| EXERCISE BRIEF |
From the records below, please print only the lines from the one containing "Floral Medusa Leg" through the one containing "The mezcal sour", both included. Skip the pictures.

=== TASK DATA ===

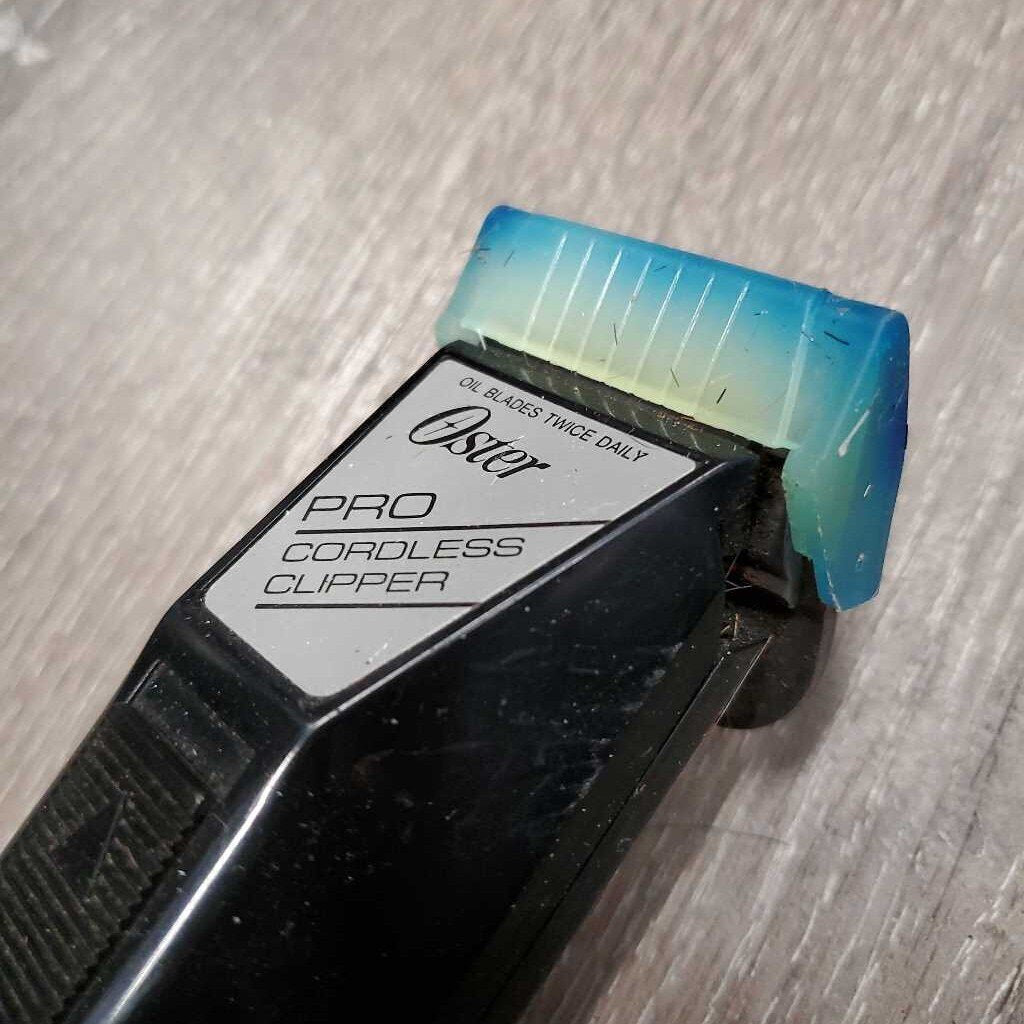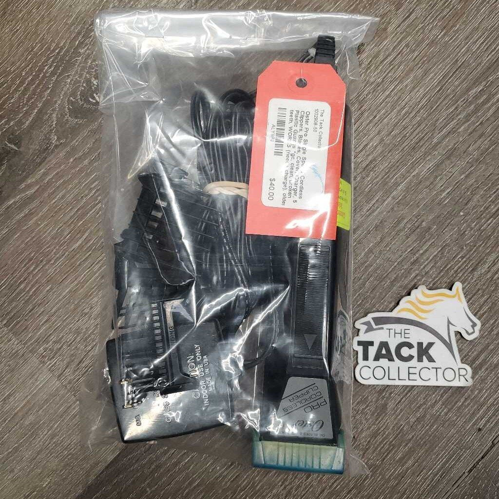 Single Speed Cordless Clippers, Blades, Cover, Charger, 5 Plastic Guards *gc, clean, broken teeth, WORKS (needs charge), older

===
=== TASK DATA ===

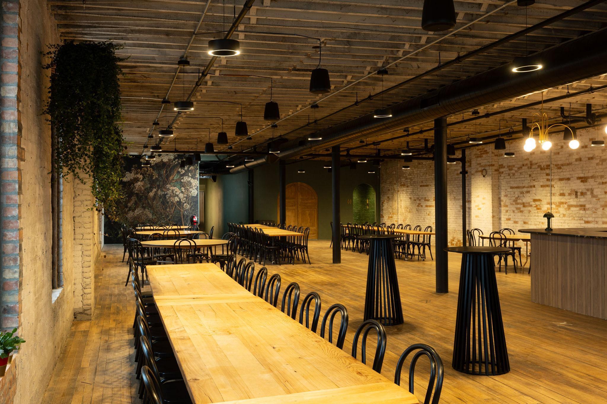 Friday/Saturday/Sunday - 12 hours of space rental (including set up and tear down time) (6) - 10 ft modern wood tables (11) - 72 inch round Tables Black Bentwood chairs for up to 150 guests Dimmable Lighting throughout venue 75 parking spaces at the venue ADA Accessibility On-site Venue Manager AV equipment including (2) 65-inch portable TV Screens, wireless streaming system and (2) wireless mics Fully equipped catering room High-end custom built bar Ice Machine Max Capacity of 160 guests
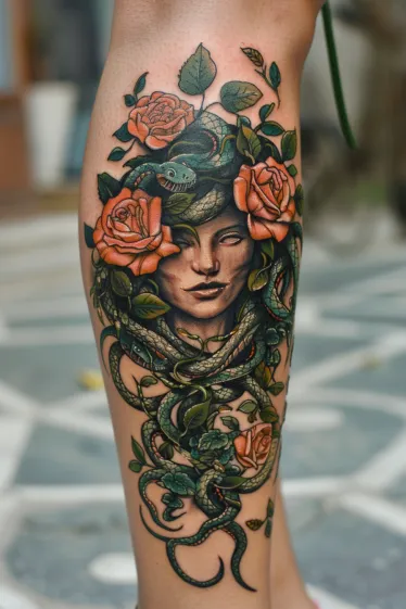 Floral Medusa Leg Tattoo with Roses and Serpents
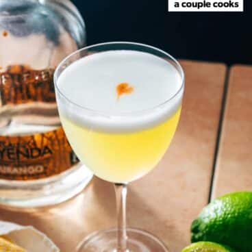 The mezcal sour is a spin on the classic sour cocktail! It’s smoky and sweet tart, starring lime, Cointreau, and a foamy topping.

===
=== TASK DATA ===

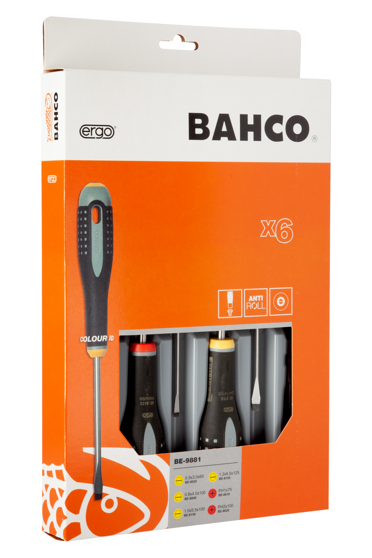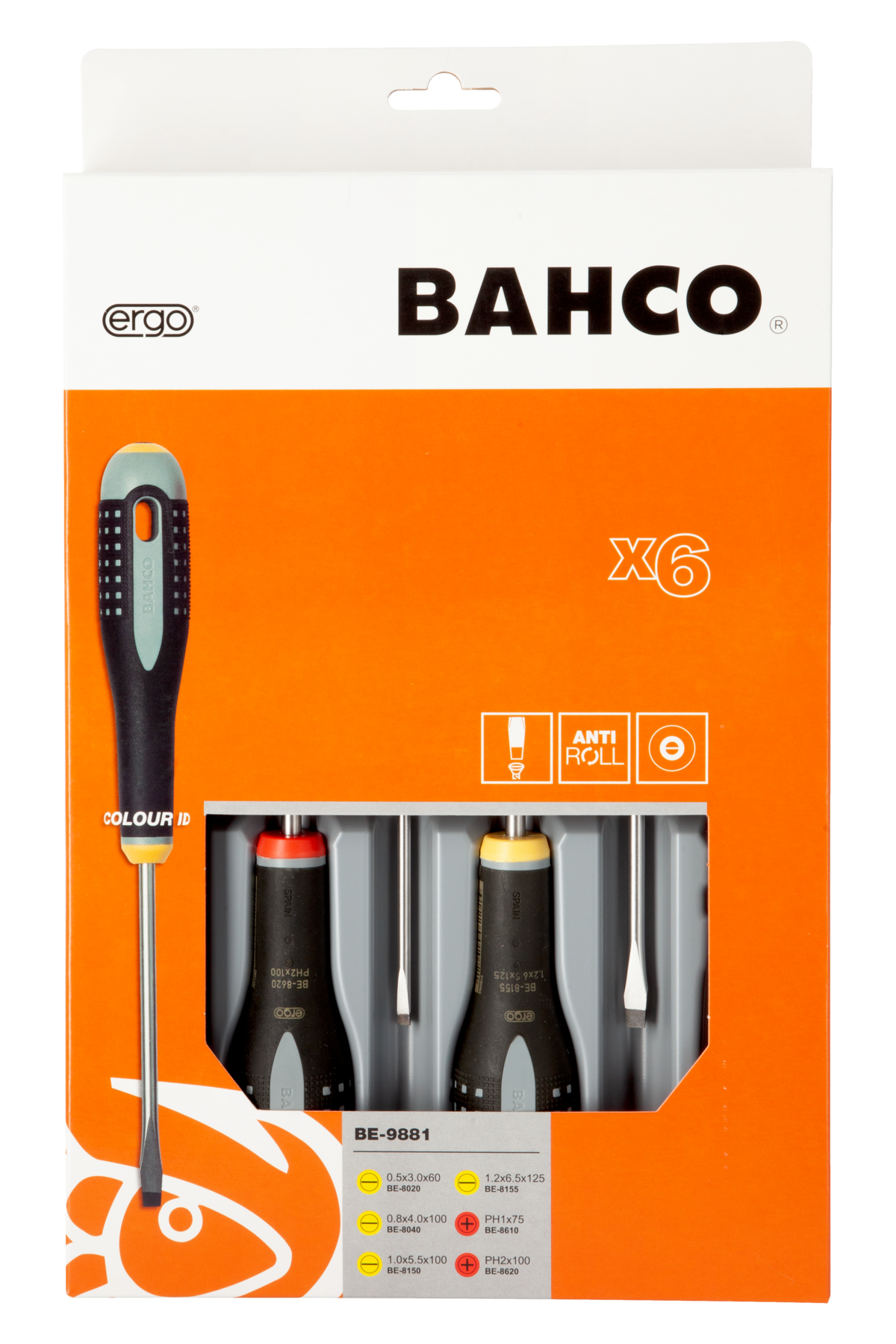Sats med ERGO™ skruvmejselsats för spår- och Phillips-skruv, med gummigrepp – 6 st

===

| SOLUTION TO THIS TASK |
 Floral Medusa Leg Tattoo with Roses and Serpents
 The mezcal sour is a spin on the classic sour cocktail! It’s smoky and sweet tart, starring lime, Cointreau, and a foamy topping.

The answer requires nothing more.